Further simplifying the above expression, we have $\left( \overline{A}\cup B \right)/\left( \overline{A\cup B} \right)=\left[ \left( {{A}^{c}}\cap A \right)\cap \left( {{A}^{c}}\cap B \right) \right]\cup \left[ \left( B\cap A \right)\cap \left( B\cap B \right) \right]$.
We know that intersection of a set with itself gives us the same set and for any set X, we have $X\cap {{X}^{c}}=\phi$, where $\phi$ is an empty set.
Thus, we have $\left( \overline{A}\cup B \right)/\left( \overline{A\cup B} \right)=\left[ \phi \cap \left( {{A}^{c}}\cap B \right) \right]\cup \left[ \left( B\cap A \right)\cap B \right]$.
We know the intersection of any set with an empty set gives us the empty set.
So, we have $\left( \overline{A}\cup B \right)/\left( \overline{A\cup B} \right)=\phi \cup \left[ \left( B\cap A \right)\cap B \right]$.
We also know that the union of any set with an empty set gives us the same set.
Thus, we have $\left( \overline{A}\cup B \right)/\left( \overline{A\cup B} \right)=\left( B\cap A \right)\cap B$.
We know that for any two sets X and Y, if $X\subseteq Y$, then we have $X\cap Y=X$.
As $A\cap B\subseteq B$, we have $\left( A\cap B \right)\cap B=\left( A\cap B \right)$.
Thus, we have $\left( \overline{A}\cup B \right)/\left( \overline{A\cup B} \right)=B\cap A$, which is not equal to the expression given in the question.
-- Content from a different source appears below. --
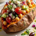 This Mediterranean Stuffed Sweet Potatoes recipe combines roasted sweet potatoes with a fresh, tangy filling of chickpeas, cherry tomatoes, cucumber, olives, and feta cheese, dressed in a flavorful olive oil and lemon dressing. It’s a wholesome and vibrant main course perfect for a healthy, satisfying meal.

So, this option is incorrect as well.
Hence, the expression which is the same as $\left( A/B \right)\cup \left( B/A \right)$ is $\left( A\cup B \right)/\left( A\cap B \right)$, which is option (b).
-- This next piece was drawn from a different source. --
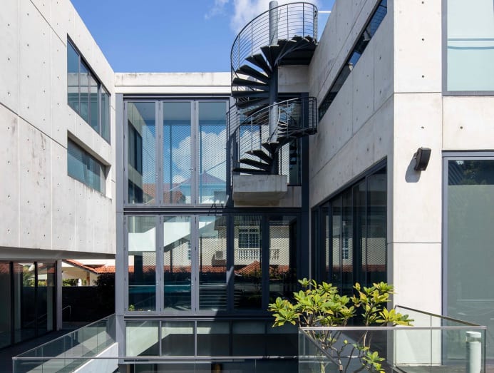 “The external steel spiral staircases are used to mediate levels and more importantly, to add interest as an external architectural element. Monochrome and greyscale marble and timber for the floors and cabinetry are used extensively in the interior,” said Lee on the minimal palette.

Note: The complement of the union of two sets is equal to the intersection of their complements and the complement of the intersection of two sets is equal to the union of their complements. These are called De Morgan's laws.One must keep in mind that it’s necessary to simplify each of the given options using De Morgan's Law and distributive property to check if they match the expression given in the question or not.Students should remember property that for any set X, we have $X\cap {{X}^{c}}=\phi$ and for any two sets X and Y, if $X\subseteq Y$, then we have $X\cap Y=X$ and for any two sets X and Y, we have $X/Y=X\cap {{Y}^{c}}$.